Work instruction:
Reproduce each entry exactly as it reads. Leave the images out.
*** Data provided ***
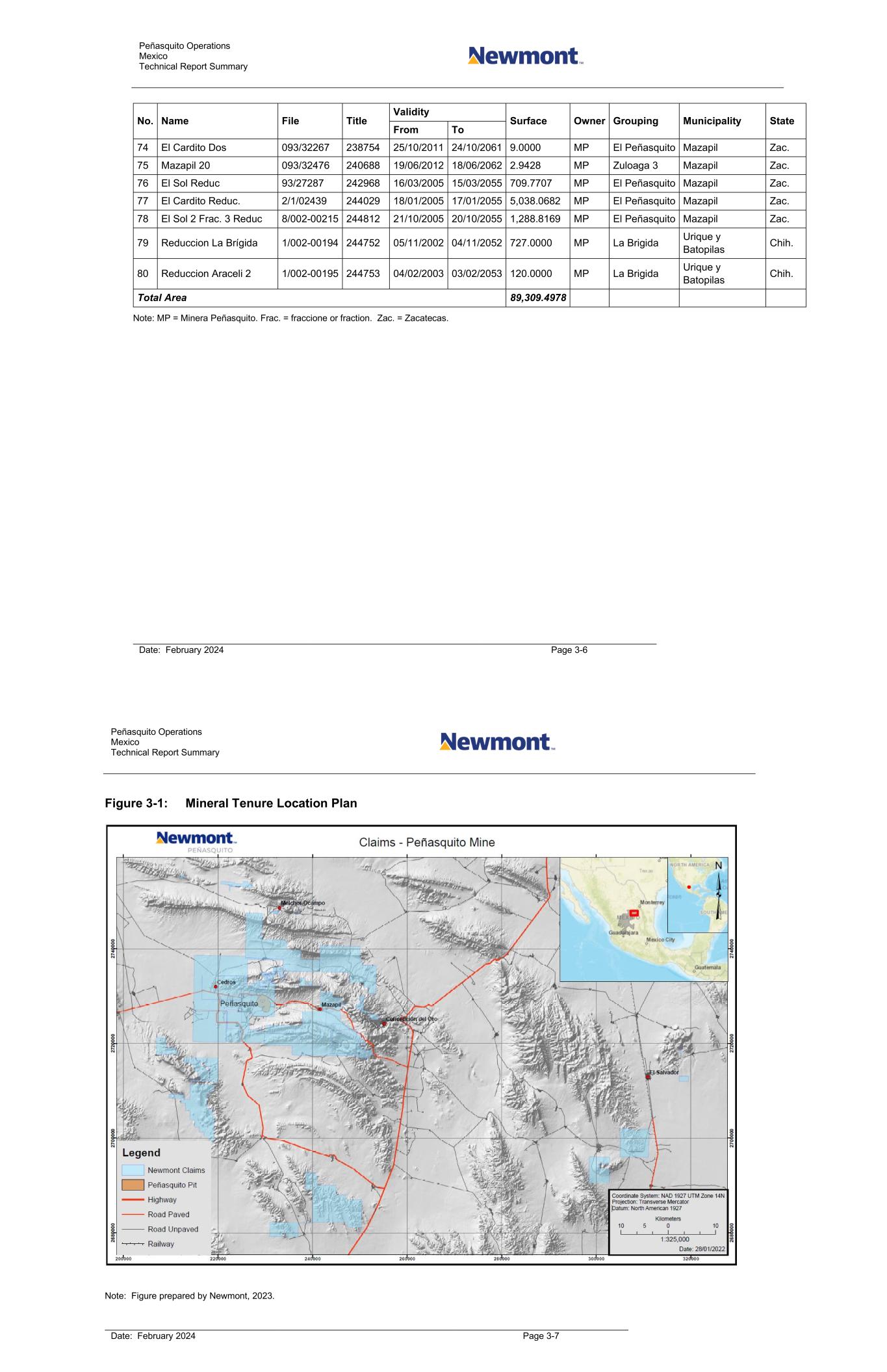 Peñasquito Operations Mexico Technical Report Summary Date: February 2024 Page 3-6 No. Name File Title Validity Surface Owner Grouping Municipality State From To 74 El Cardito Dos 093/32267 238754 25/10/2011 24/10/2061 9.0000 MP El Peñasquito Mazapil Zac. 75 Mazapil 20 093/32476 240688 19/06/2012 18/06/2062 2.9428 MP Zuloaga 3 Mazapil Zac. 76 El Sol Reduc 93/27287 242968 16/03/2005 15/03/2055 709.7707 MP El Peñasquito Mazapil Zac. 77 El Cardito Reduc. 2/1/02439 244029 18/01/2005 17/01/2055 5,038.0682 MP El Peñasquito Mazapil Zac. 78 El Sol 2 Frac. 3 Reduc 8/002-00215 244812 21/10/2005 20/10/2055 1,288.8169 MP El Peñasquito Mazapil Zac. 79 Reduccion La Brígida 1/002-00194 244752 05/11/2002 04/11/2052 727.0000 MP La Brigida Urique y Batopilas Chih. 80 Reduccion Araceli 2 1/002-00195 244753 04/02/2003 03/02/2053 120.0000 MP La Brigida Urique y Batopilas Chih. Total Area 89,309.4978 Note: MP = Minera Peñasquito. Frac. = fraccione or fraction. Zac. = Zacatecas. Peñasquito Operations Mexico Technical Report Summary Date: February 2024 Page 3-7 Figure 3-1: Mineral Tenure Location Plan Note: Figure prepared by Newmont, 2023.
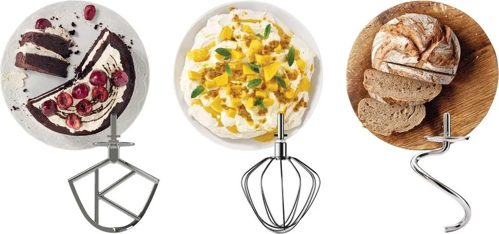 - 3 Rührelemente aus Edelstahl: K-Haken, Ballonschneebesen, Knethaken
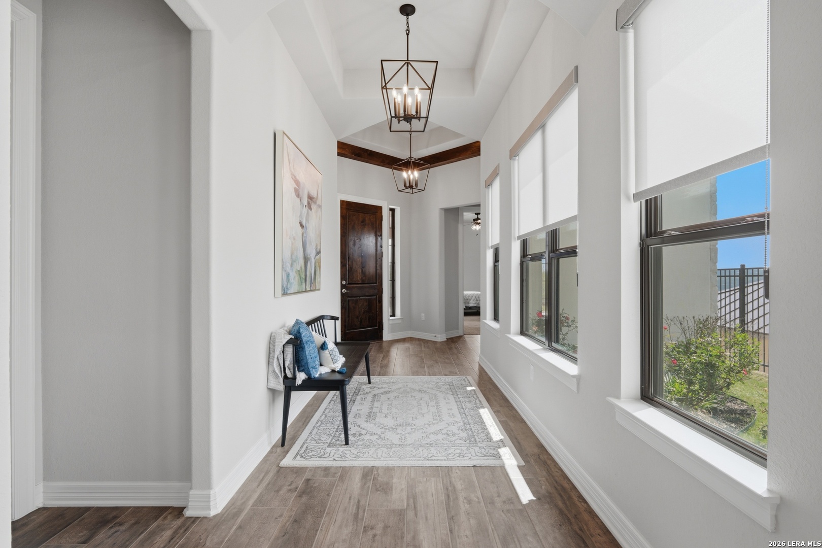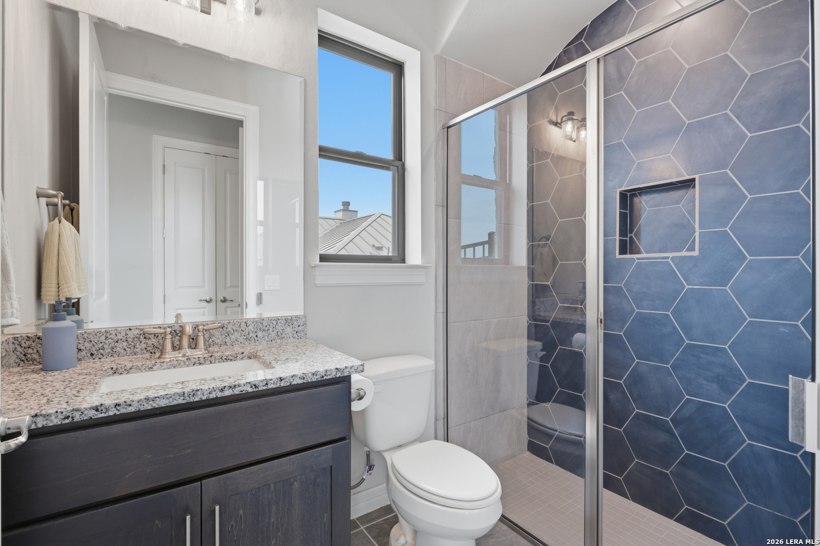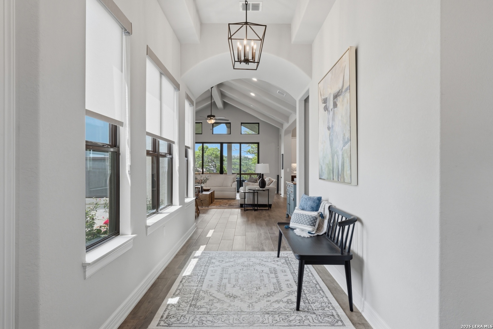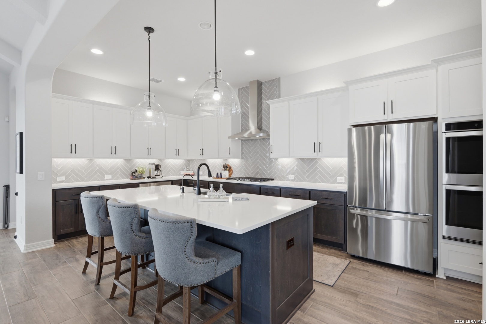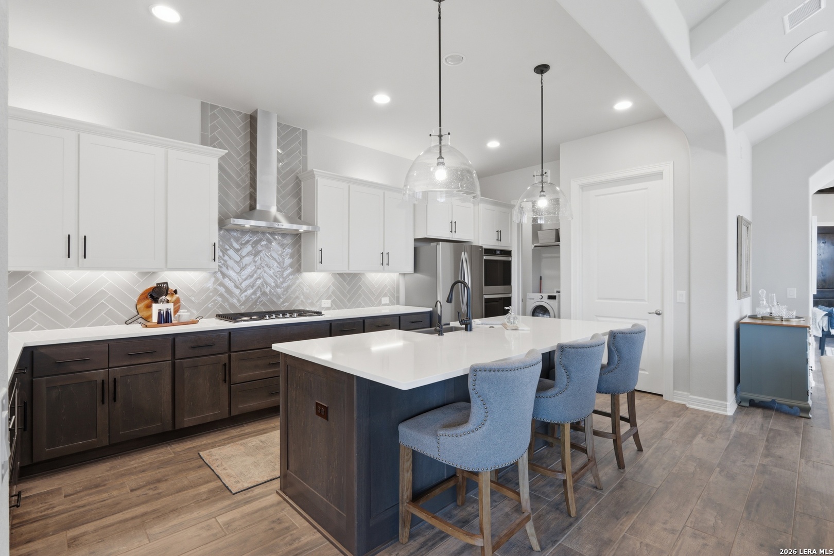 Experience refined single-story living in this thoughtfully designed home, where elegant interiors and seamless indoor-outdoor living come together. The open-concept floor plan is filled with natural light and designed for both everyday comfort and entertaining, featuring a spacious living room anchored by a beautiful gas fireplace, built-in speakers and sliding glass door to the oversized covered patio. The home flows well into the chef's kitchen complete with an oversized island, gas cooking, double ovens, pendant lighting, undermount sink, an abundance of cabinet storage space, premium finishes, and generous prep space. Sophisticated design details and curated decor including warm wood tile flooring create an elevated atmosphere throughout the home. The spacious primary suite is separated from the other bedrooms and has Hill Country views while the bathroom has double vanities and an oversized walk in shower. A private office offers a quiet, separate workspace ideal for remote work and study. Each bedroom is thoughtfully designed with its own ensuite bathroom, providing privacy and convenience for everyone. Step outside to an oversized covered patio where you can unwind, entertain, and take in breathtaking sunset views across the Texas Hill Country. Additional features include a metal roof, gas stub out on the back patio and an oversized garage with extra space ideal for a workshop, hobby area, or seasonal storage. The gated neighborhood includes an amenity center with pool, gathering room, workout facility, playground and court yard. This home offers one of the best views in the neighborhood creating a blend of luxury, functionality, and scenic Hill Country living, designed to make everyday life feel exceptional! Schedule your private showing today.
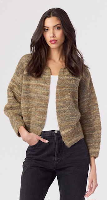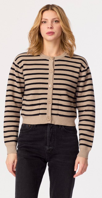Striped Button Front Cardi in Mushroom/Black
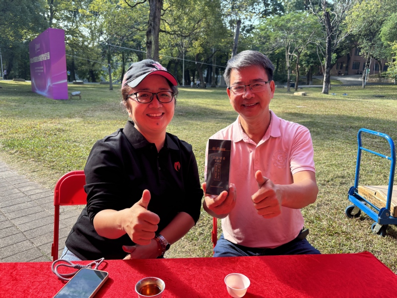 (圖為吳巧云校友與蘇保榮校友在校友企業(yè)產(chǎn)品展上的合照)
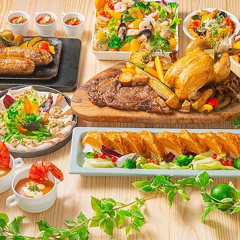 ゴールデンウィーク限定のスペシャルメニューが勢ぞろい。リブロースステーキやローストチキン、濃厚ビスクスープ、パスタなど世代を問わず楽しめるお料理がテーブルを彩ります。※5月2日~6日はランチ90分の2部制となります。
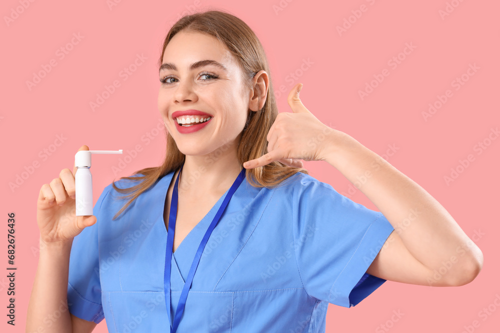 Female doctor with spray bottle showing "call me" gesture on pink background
*** End of Data provided ***
Result:
 Peñasquito Operations Mexico Technical Report Summary Date: February 2024 Page 3-6 No. Name File Title Validity Surface Owner Grouping Municipality State From To 74 El Cardito Dos 093/32267 238754 25/10/2011 24/10/2061 9.0000 MP El Peñasquito Mazapil Zac. 75 Mazapil 20 093/32476 240688 19/06/2012 18/06/2062 2.9428 MP Zuloaga 3 Mazapil Zac. 76 El Sol Reduc 93/27287 242968 16/03/2005 15/03/2055 709.7707 MP El Peñasquito Mazapil Zac. 77 El Cardito Reduc. 2/1/02439 244029 18/01/2005 17/01/2055 5,038.0682 MP El Peñasquito Mazapil Zac. 78 El Sol 2 Frac. 3 Reduc 8/002-00215 244812 21/10/2005 20/10/2055 1,288.8169 MP El Peñasquito Mazapil Zac. 79 Reduccion La Brígida 1/002-00194 244752 05/11/2002 04/11/2052 727.0000 MP La Brigida Urique y Batopilas Chih. 80 Reduccion Araceli 2 1/002-00195 244753 04/02/2003 03/02/2053 120.0000 MP La Brigida Urique y Batopilas Chih. Total Area 89,309.4978 Note: MP = Minera Peñasquito. Frac. = fraccione or fraction. Zac. = Zacatecas. Peñasquito Operations Mexico Technical Report Summary Date: February 2024 Page 3-7 Figure 3-1: Mineral Tenure Location Plan Note: Figure prepared by Newmont, 2023.
 - 3 Rührelemente aus Edelstahl: K-Haken, Ballonschneebesen, Knethaken
 Experience refined single-story living in this thoughtfully designed home, where elegant interiors and seamless indoor-outdoor living come together. The open-concept floor plan is filled with natural light and designed for both everyday comfort and entertaining, featuring a spacious living room anchored by a beautiful gas fireplace, built-in speakers and sliding glass door to the oversized covered patio. The home flows well into the chef's kitchen complete with an oversized island, gas cooking, double ovens, pendant lighting, undermount sink, an abundance of cabinet storage space, premium finishes, and generous prep space. Sophisticated design details and curated decor including warm wood tile flooring create an elevated atmosphere throughout the home. The spacious primary suite is separated from the other bedrooms and has Hill Country views while the bathroom has double vanities and an oversized walk in shower. A private office offers a quiet, separate workspace ideal for remote work and study. Each bedroom is thoughtfully designed with its own ensuite bathroom, providing privacy and convenience for everyone. Step outside to an oversized covered patio where you can unwind, entertain, and take in breathtaking sunset views across the Texas Hill Country. Additional features include a metal roof, gas stub out on the back patio and an oversized garage with extra space ideal for a workshop, hobby area, or seasonal storage. The gated neighborhood includes an amenity center with pool, gathering room, workout facility, playground and court yard. This home offers one of the best views in the neighborhood creating a blend of luxury, functionality, and scenic Hill Country living, designed to make everyday life feel exceptional! Schedule your private showing today.
Striped Button Front Cardi in Mushroom/Black
 (圖為吳巧云校友與蘇保榮校友在校友企業(yè)產(chǎn)品展上的合照)
 ゴールデンウィーク限定のスペシャルメニューが勢ぞろい。リブロースステーキやローストチキン、濃厚ビスクスープ、パスタなど世代を問わず楽しめるお料理がテーブルを彩ります。※5月2日~6日はランチ90分の2部制となります。
 Female doctor with spray bottle showing "call me" gesture on pink background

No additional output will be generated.